▸ **TASK INSTRUCTIONS**
Print the lines of the entries below from the one with "splendido olio su" through the final line, exactly as they appear. The pictures are not part of the copy.

▸ **EXTRACTED INFORMATION**
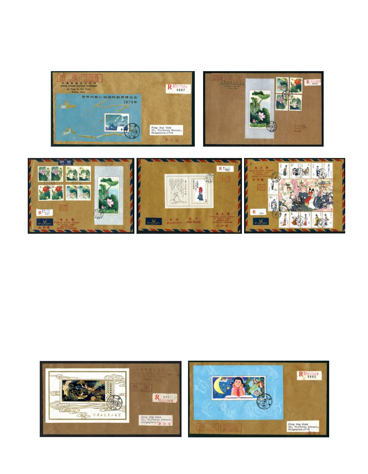 11 covers from Peking or Guangdong to Singapore franked with (J), (T) miniature sheet or (J), (T) stamp sets. Fine. Photo
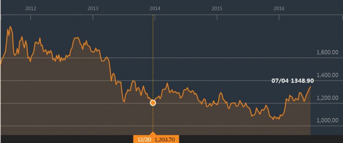 (서울=포커스뉴스) 브렉시트(Brexit·영국의 유럽연합 탈퇴) 이후 글로벌 금융시장에 불확실성이 높아지면서, 금과 같은 안전자산의 몸값이 뛰고 있다. 2013년 미국 연방준비제도(연준)의 양적완화 축소 이후 투자 심리가 얼어붙으며 하락세를 보였던 금값이 대반전한 것이다.
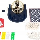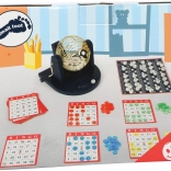 Deze complete Bingo-set bevat alles voor direct spel: een metalen lottrommel met slinger, genummerde balletjes, kaartjes en gekleurde fiches. Spelers markeren stap voor stap de getrokken nummers op hun kaarten, en wie als eerste een horizontale, verticale of diagonale rij van vijf vormt, roept “BINGO!”.
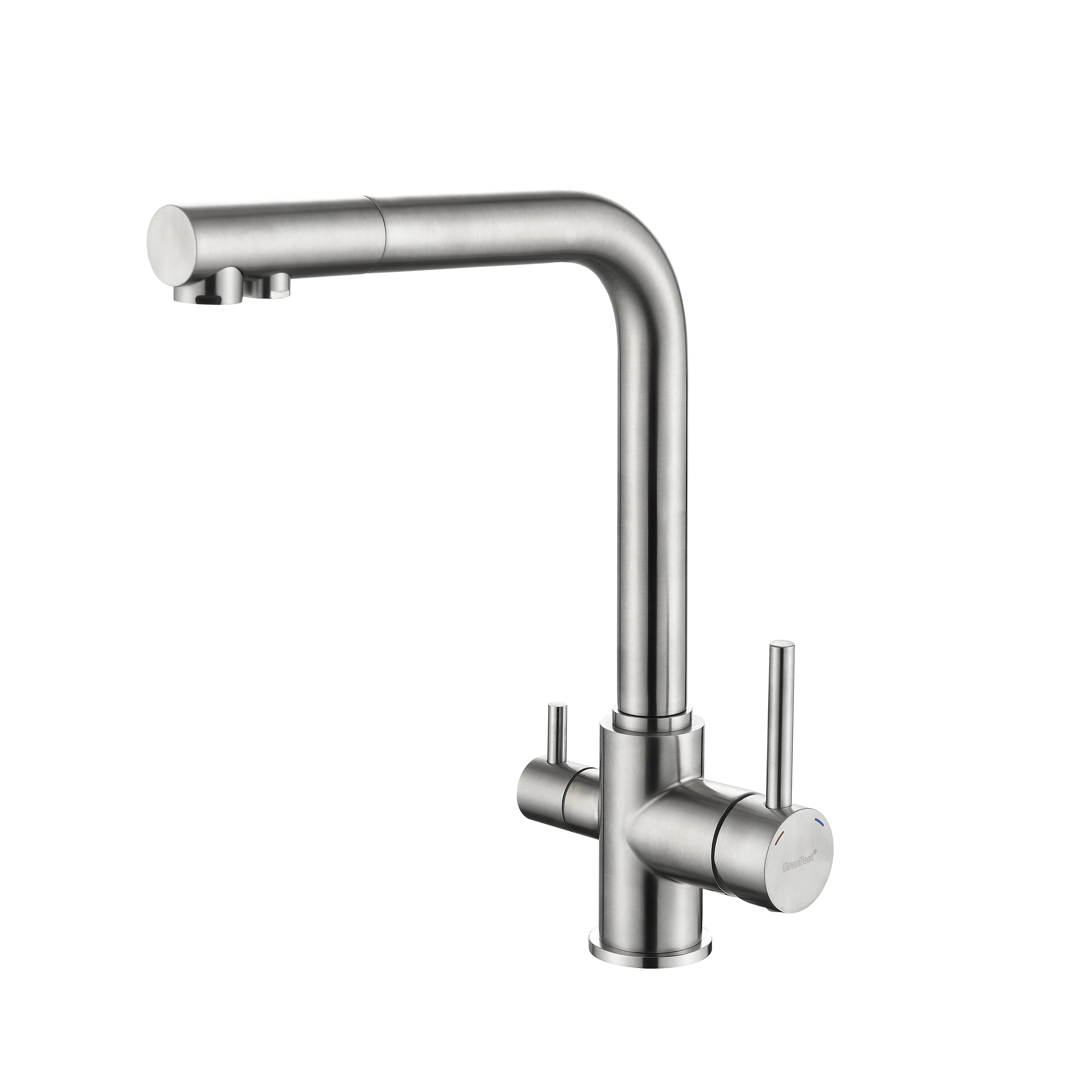 GranFest Композит Смеситель для кухни Г-обр. с краном питьевой воды D-35мм нержавейка арт.
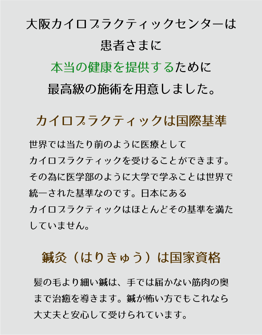 大阪カイロプラクティックセンターは15年以上、
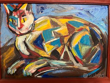 splendido olio su cartone che ritrae un gatto in stile espressionista.
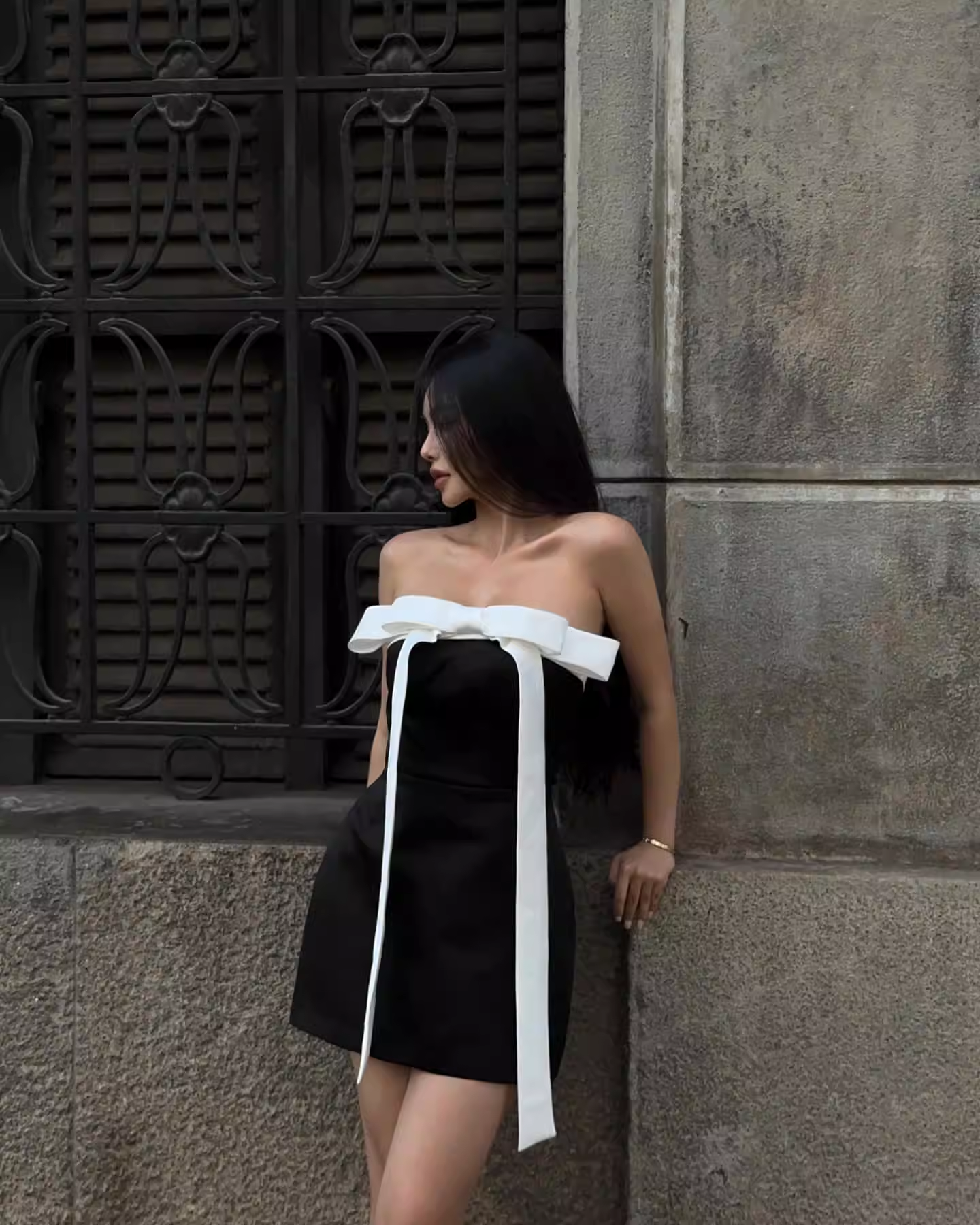Vintage Black Strapless Sheath Bow Design Mini Dress Homecoming Dress Party Dress Short Cocktail Dress TP5185

▸ **OUTPUT**
 splendido olio su cartone che ritrae un gatto in stile espressionista.
Vintage Black Strapless Sheath Bow Design Mini Dress Homecoming Dress Party Dress Short Cocktail Dress TP5185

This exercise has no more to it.